1. Making sense of the landscape

Why it matters

This practice is about developing situational awareness – a core capability in Agile organizations. It is essential that leaders understand and orientate themselves to the internal and external business situations. Up-to- date situational awareness helps to identify what needs to change and the role your unit needs to play to make it happen. Agile leaders regularly scan the landscape and ask the question ,‘Has the situation changed?

How it works

Typically, strategic review takes place as a structured exercise ahead of a strategic review cycle. It’s often conducted by a strategy or leadership team in isolation. Situational awareness in an Agile organization is something quite different. In an Agile organisation, it is an ongoing, live and active process involving everyone being ‘aware’ of the landscape surrounding them and the influence it exerts on strategy. Situational awareness provides an informed view, in the context of what the organization is planning to achieve, which is necessary to proactively adapt strategy or the execution plan as the situation changes.

Errors in the initial understanding of the overall situation the business is in can be very hard to correct. Business leaders often orientate themselves intuitively based on patterns they have learned from their own experience.
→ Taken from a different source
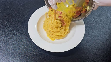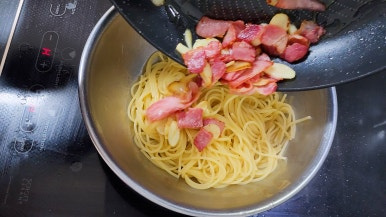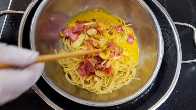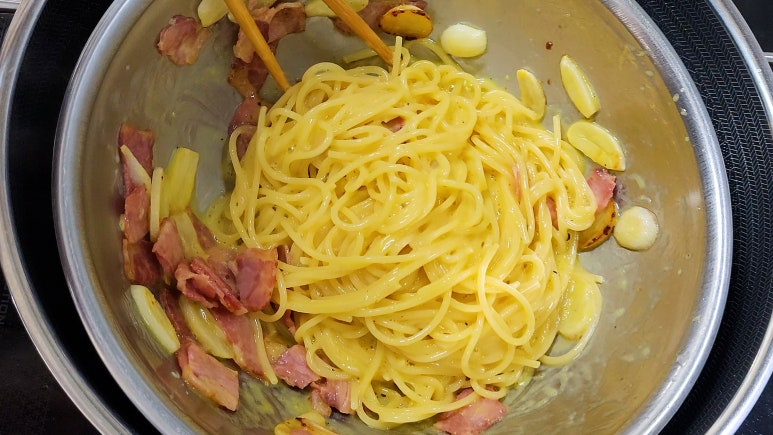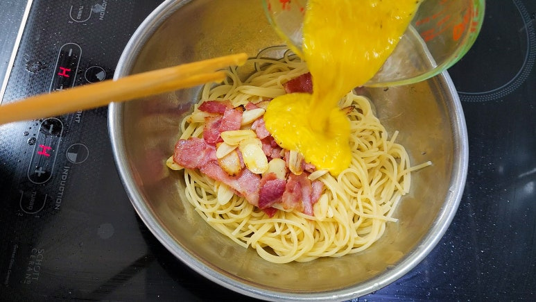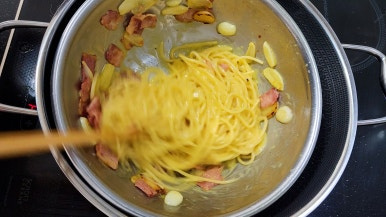 ※ 면수의 온기로 달걀물을 중탕해 크리미한 소스가 됩니다!

There is nothing wrong with this, but intuition needs to be complemented with analysis, and beliefs checked against data.

Depending on the organizational level and time available, this could include:

  • A view of industry sector economics and market forces likely to impact your strategic choices
  • A summary of current or future external events, trends or competitive intentions with a critical impact on your planning
  • Identifying common customer needs and attitudes
  • Your business capabilities (skills, resources and relative strengths)
  • Your competitive differentiation

A structured form of deliberate landscape review is generally conducted at the start of a strategic review cycle. It’s best conducted as a facilitated exercise. The frequency of landscape scanning following that initial process should be agreed by the team on the basis of how quickly the situation is perceived to be changing. In a highly dynamic operational situation, it may be necessary to review changes to the situation daily or weekly, whilst in a strategic context, monthly or quarterly will be more realistic.

Benefits

Widely reported improvements from clients include the benefit of a facilitated, structured approach which preempts being swamped with detail and focuses on answering the question ‘so what’?

All too often, a situational review is conducted behind the scenes. Clients value a more inclusive approach, engaging key managers and leaders throughout the process of reviewing the landscape.

The approach is intended to support enduring capability by identifying the key information requirements and ensuring the business is monitoring and reporting on these aspects. The process engages the organization as data is collated from the organization wherever possible rather than from external sources.